═════ Data in this exercise ═════
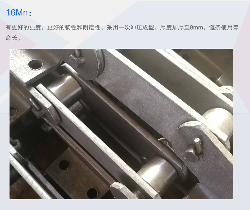 16Mn:有更好的强度,更好的韧性和耐磨性,采用一次冲压成型,厚度加厚至8mm,链条使用寿命长。
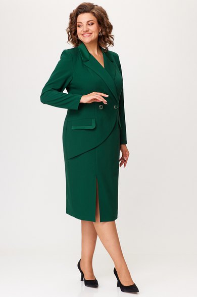 Платье полуприлегающего силуэта, длиной за колено, выполнено из однотонной ткани. В качестве отделки использована однотонная ткань с атласным эффектом. Полочка платья с вертикальными рельефами и ассиметричной отлетной правой частью, с двубортной застежкой на петли и пуговицы. По бочкам обработаны декоративные клапаны. Горловина V-образной формы с отложными лацканами и воротником . Спинка платья со средним швом и вертикальными рельефами. В левом боковом шве обработана потайная молния. В нижней части полочки, с правой стороны в рельефе обработан разрез. Рукав втачной, двухшовный, длинный. Платье на плечиках.
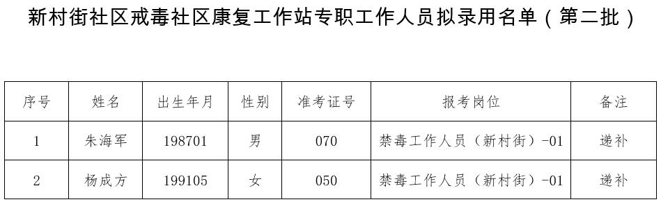 新村街社区戒毒社区康复工作站专职工作人员招聘拟聘用人员公示(第二批)
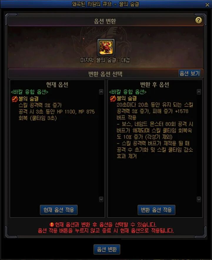 对赋予龙焰属性的巴卡尔融合武器使用时,可转换龙焰属性 - 只转换龙焰属性 - 变换属性时 消耗1个扭曲的魔方 -火焰吐息 -转换属性时,以均等概率获得1种龙焰属性 - 可尝试转换后选择转换前/后属性 - 每尝试转换一次时,属性除外次数增加1次(最多可排除77个) |
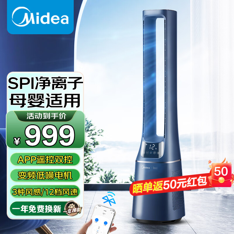 美的(Midea)电风扇家用塔扇智能变频轻音无叶风扇遥控落地扇预约定时卧室安静大风力空气循环扇 新升级 | SPI净离子 | APP智控
═════
Task statement →
Where a picture appears, skip it and copy the rest of the data word for word.

Solution for this problem →
 16Mn:有更好的强度,更好的韧性和耐磨性,采用一次冲压成型,厚度加厚至8mm,链条使用寿命长。
 Платье полуприлегающего силуэта, длиной за колено, выполнено из однотонной ткани. В качестве отделки использована однотонная ткань с атласным эффектом. Полочка платья с вертикальными рельефами и ассиметричной отлетной правой частью, с двубортной застежкой на петли и пуговицы. По бочкам обработаны декоративные клапаны. Горловина V-образной формы с отложными лацканами и воротником . Спинка платья со средним швом и вертикальными рельефами. В левом боковом шве обработана потайная молния. В нижней части полочки, с правой стороны в рельефе обработан разрез. Рукав втачной, двухшовный, длинный. Платье на плечиках.
 新村街社区戒毒社区康复工作站专职工作人员招聘拟聘用人员公示(第二批)
 对赋予龙焰属性的巴卡尔融合武器使用时,可转换龙焰属性 - 只转换龙焰属性 - 变换属性时 消耗1个扭曲的魔方 -火焰吐息 -转换属性时,以均等概率获得1种龙焰属性 - 可尝试转换后选择转换前/后属性 - 每尝试转换一次时,属性除外次数增加1次(最多可排除77个) |
 美的(Midea)电风扇家用塔扇智能变频轻音无叶风扇遥控落地扇预约定时卧室安静大风力空气循环扇 新升级 | SPI净离子 | APP智控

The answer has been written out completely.